In the preceding sections, we trained several models. Now, we will compose them into an ensemble called a super learner using a deep learning model. The process to build a super learner is straightforward (see the preceding figure):
- Select base algorithms (for example, GLM, random forest, GBM, and so on).
- Select a meta-learning algorithm (for example, deep learning).
- Train each of the base algorithms on the training set.
- Perform K-fold cross-validation on each of these learners and collect the cross-validated predicted values from each of the base algorithms.
- The N cross-validated predicted values from each of the L-base algorithms can be combined to form a new NxL matrix. This matrix, along with the original response vector, is called the "level-one" data.
- Train the meta-learning algorithm on the level-one data.
- The super learner (or so-called "ensemble model") consists of the L-base learning models and the meta-learning model, which can then be used to generate predictions on a test set.
The key trick of ensembles is to combine a diverse set of strong learners together. We already discussed a similar trick in the context of the random forest algorithm.

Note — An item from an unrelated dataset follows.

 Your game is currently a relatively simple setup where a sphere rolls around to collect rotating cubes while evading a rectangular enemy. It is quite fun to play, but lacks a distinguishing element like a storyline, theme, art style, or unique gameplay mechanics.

In our example, we will simplify the whole process by skipping cross-validation but using a single hold-out dataset. It is important to mention that this is not the recommended approach!

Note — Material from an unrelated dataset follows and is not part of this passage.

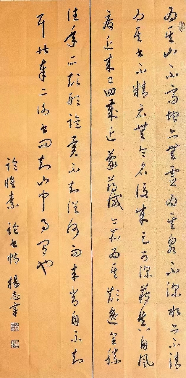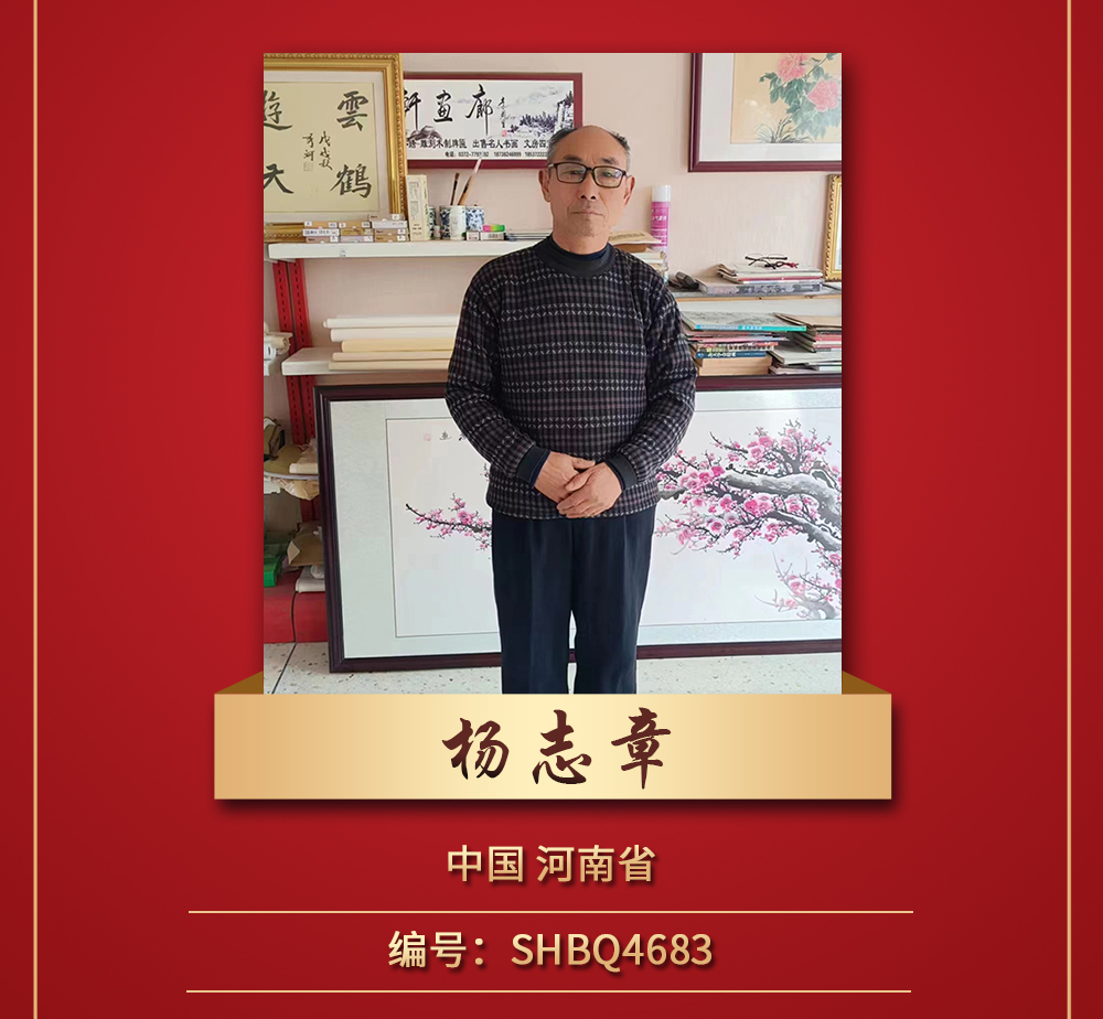 杨志章,字国学,男,汉族,1959 年生,河南省内黄县人,自幼酷爱书法,现为中国老年书画研究会研究员,中国书法家协会会员,安阳市老年书画研究会会员,天津市老年书画研究会会员,中国书画名家画廊特聘书法家。

As the first step, we use trained models and a transfer dataset to get predictions and compose them into a new dataset, augmenting it by the actual labels.
This sounds easy; however, we cannot use the DataFrame#withColumn method directly and create a new DataFrame from multiple columns from different datasets, since the method accepts columns only from the left-hand side DataFrame or constant columns.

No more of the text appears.